03 うらやましいパフェ
「星野さん、パフェを食べに行きましょう!」
家に帰るなり、玄関で待ち構えていた子どもがそんなことを言い出した。
子どもはパジャマを着て仁王立ちしている。寝る支度を整えた上で待っていたらしい。もう眠っていてもおかしくない時間だった。
星野は一度子どもの頭をなでてから、靴を脱いでスリッパでリビングに向かった。
「なんだ。いきなり」
「星野さん、明日おしごとお休みでしょ?
思わず後ろから付いてきた子どもを振り返る。
「……なんでお前が知ってるんだ」
「池澤先生が言ってました」
この子どもが習い事で通っている道場の師範は、星野の部下のひとりだ。業務の都合上、お互いのシフトは把握しているが、コレは秘匿情報の流出に当たるんじゃないか?

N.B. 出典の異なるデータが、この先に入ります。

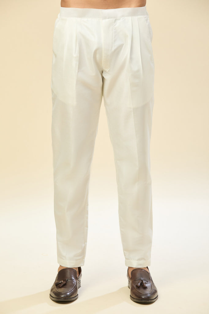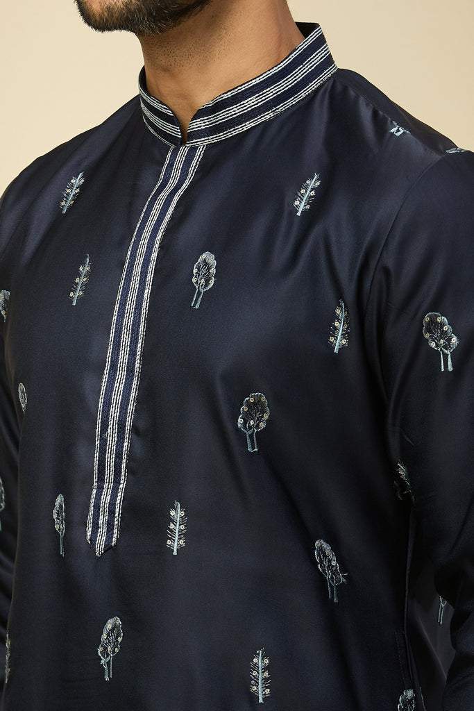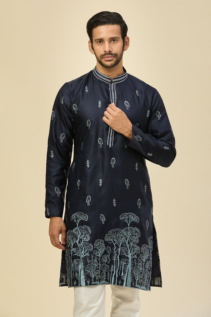 Royal Blue crepe silk based kurta enhanced with resham and sequins embroidery, paired with an off white dupion silk based mexican pants.

子どもは星野の秘密を握ったことにいたく満足しているらしく、自慢げな表情をしながら最初の台詞を繰り返した。
「だから、パフェを食べに行きましょう」
「だから、の接続詞がおかしい」
「今日、美恵ちゃんが駅前に新しくできたパフェのお店に行ったって自慢してたんですー! 桃のパフェおいしかったって言ってました。あおちゃんも行きたいです!」
「美恵ちゃんが言ってただけだろ」
「りえちゃんも、そこのお店のパフェは食べたことあるって!
りえちゃんも美恵ちゃんも、この子どものクラスメイトで特によく話に出てくる名前だ。この子どもは普段あまりものをねだらないが、1/3の側になるとさすがにうらやましくなるらしい。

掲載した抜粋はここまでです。